Speaking to Rolling Stone UK, former HMV head Brian McLaughlin, who oversaw some of the store’s most successful periods, explained that it still holds a special place in the heart of consumers.

“I was amazed to find out recently they’ve still got 130 stores in the UK,” said McLaughlin.

“Given that it’s gone to administration twice but there’s still that many stores shows just how much of a special place it is for consumers.”

He added: “When it comes to regular Saturday shoppers, you often hear people talking about how they’ll go into HMV and lose themselves for an hour and a half. I haven’t just heard that from one person, I’ve heard it from lots of people. I think it’s, it is, very, it is very much part of Britain’s cultural makeup in a way.”

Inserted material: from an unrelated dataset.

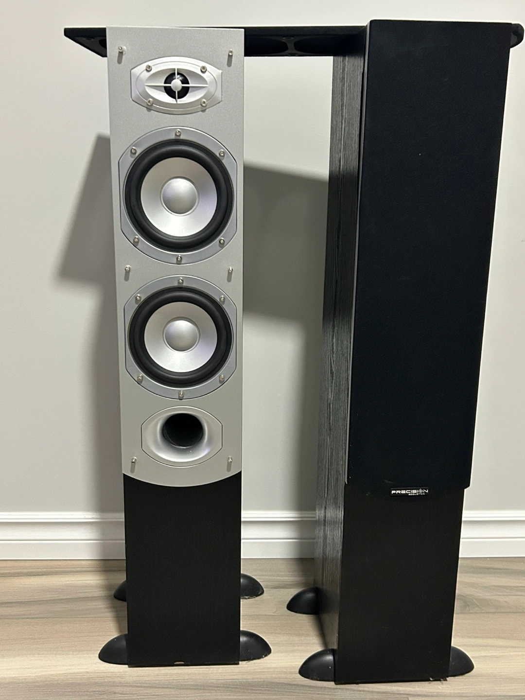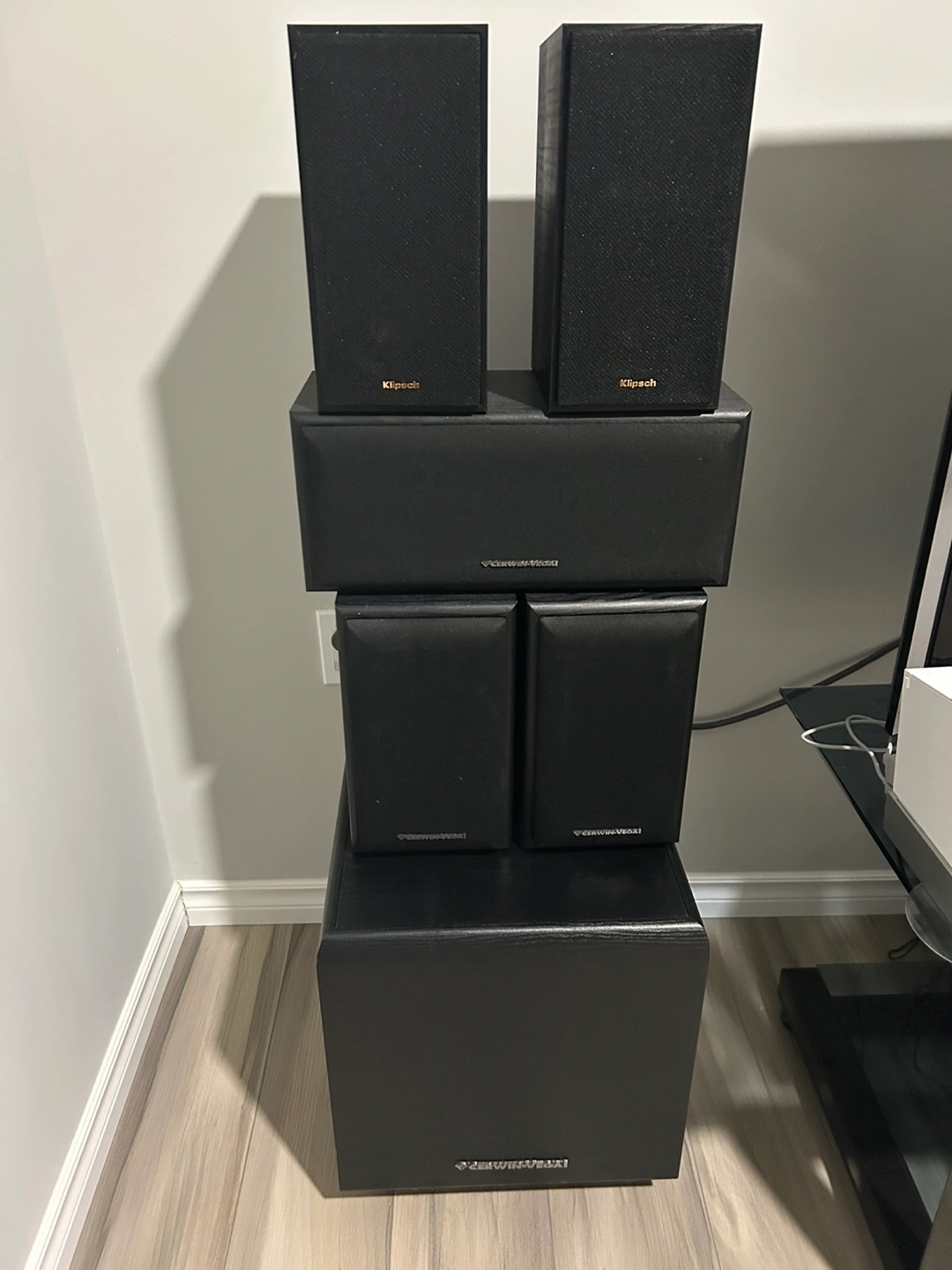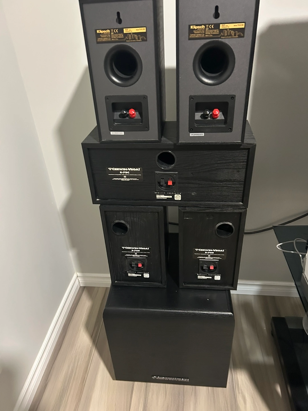 Selling a set of Klipsch speakers paired with a Cerwin-Vega subwoofer. They're in good condition and ready to bring some serious sound to your space! Home theatre 7.1 DTS master audio / Dolby true hd 1 hdmi out 4 hdmi in 10 inch powered sub HT-S10A 1 Center speaker cerwin Vega E75C 2 Cerwin Vega 12 inch bookshelf speakers E75C 2 - klipsch 12 inch R41M bookshelf speakers 2 tower speakers precision audio 550.00 CASH on pick up only Fergus No holds

Brian’s journey with the iconic company started when he began working at a HMV store in Portsmouth at the age of 19, before a promotion to store manager several years later catapulted his rise to the top. He is now recalling his experiences in His Master’s Voice, a new memoir which charts his journey with the firm.

“It was really when I became operations director that I had the power to be able to change things in the business and I think I say in the book that at that stage HMV never had any real goals or ambitions, it was a chain of record stores that was owned by EMI music who weren’t really interested in them. As long as they didn’t lose money, EMI weren’t really interested.”

Under his leadership, the store’s UK presence grew, and even saw the introduction of iconic acts turning up at the Oxford Street store to perform and do signings.

“The one that stands out was when Prince turned up at the Oxford Street store and even I, the managing director at the time, couldn’t get in the store. Someone sent me a photo the other day and it showed the crowd outside in Oxford Street. There I was, outside, because I could not get into the shop!,” he recalls.

But now, under the ownership of Canadian magnate Doug Putnam, Brian is confident that HMV can flourish once again.

“When you read what Doug is saying, he wants music and live bands to be an integral part of all his stores. I don’t follow everything he does, but that has to be the right way forward,” he said.

“The fact they’re now opening stores rather than closing them has to give you a flavour of how things are going, and I hear his stores in Canada are doing pretty well. I think part of it too is the kind of tangible magic. It’s all well and good, you know, going on Spotify and streaming a song or an album, but going into the store and browsing something and looking in and discovering that , I think that kind of connection that will never go away. I think that must be part of HMV’s future too.”